In The Dark Knight,the Joker stuffs two ferries with hundreds of drums of explosives. When did he find time for that? How did the crew overlook them? And how does the Joker roam around Gotham City with that hideous makeup on and no one ever notices him?

In Mission: Impossible—Ghost Protocol, Tom Cruise’s Ethan Hunt finds a large cache of weapons and technology in a railcar outside of Moscow. Every law enforcement agency on the planet is looking for him and his team for blowing up the Kremlin, yet he shows up in Dubai a day later with the full load of guns and ammo in a hotel suite. The audience is just expected to accept that Hunt has a way to smuggle all of that contraband thousands of miles while on the run from the authorities.

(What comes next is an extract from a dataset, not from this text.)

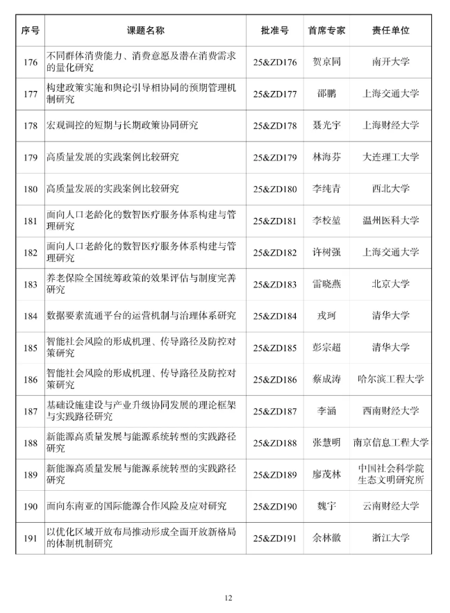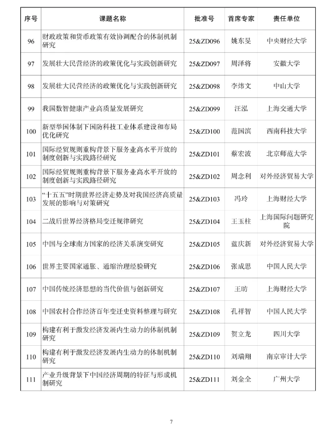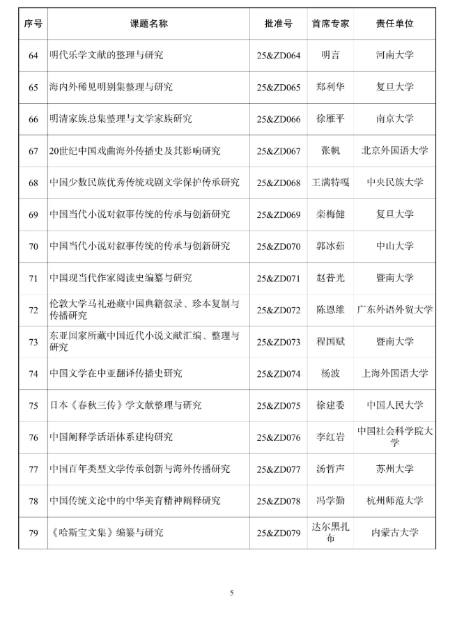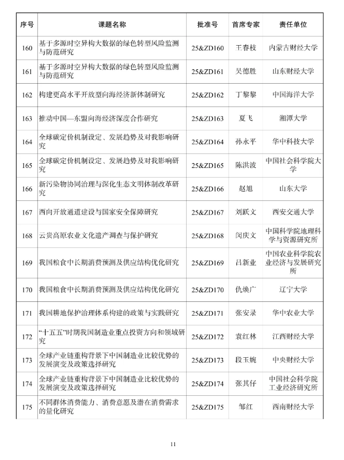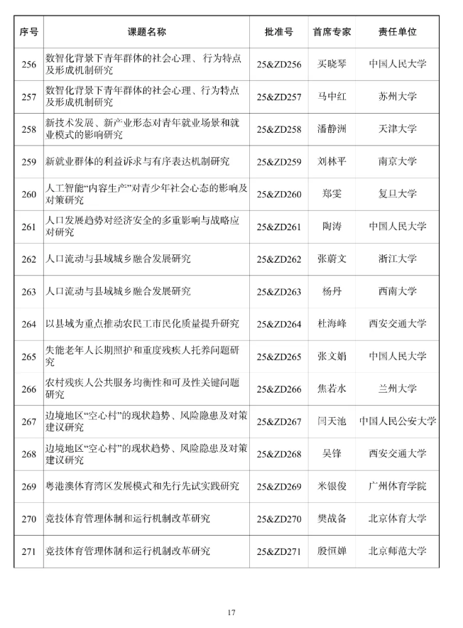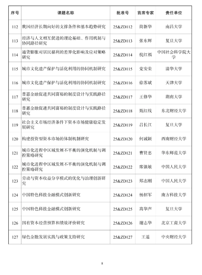 项目专栏:2025年国家社科基金重大项目立项名单公布

I wonder whether novels are held to a higher standard than other media when it comes to suspension of disbelief. I don’t think a novelist could get away with those kinds of plot holes without being called on them by readers. I think the difference is in how the media are consumed. When you’re watching a movie, it doesn’t give you time to think about the plot holes until it’s finished, and by then you’ve already formed your opinion about whether or not you liked it. But it takes six to ten hours or more to read a book, sometimes over the course of weeks. The reader has plenty of time to think about potential plot holes, and if they’re glaring they may even make the reader put the book down for good. On the other hand, a movie has to be pretty bad for me to stop watching halfway through (I’m looking at you, Batman and Robin).

The acceptance of plot holes may also have to do with how we use our imaginations in the different media. With TV and movies, the visuals and sounds are supplied for you in a constant stream, and we accept them as the reality of the story. However, with novels we generate all of the sights, sounds, smells, and tastes in our minds. Creating all of them from scratch requires effort on our part, and if they don’t fit into the logic of the story, it becomes much more noticeable. Would Raiders of the Lost Ark have been able to convince readers that Indiana Jones rode on top of a submarine for two days to that island where the Ark was taken if it were a book? In the movie we see a diving montage and a map sequence showing a 500-mile trip, but due to selective editing Indy is ready to beat up Nazis as soon as they come into port—starvation, thirst, and hypothermia be damned (not to mention holding his breath for two days).

Without those quick cuts in a novel, readers would have the time and imagination to realize Indy isn’t Aquaman. That’s why I put plenty of thought into potential plot holes. I may not eliminate all of them, but I try to make them as tiny as possible. The process takes up a good chunk of my writing time, and my beta readers still bring many to my attention. So if you’re a writer, I highly recommend that you have a few people read through your book as a logic consultant. You may be surprised at how many plot holes they find that you thought you’d plugged.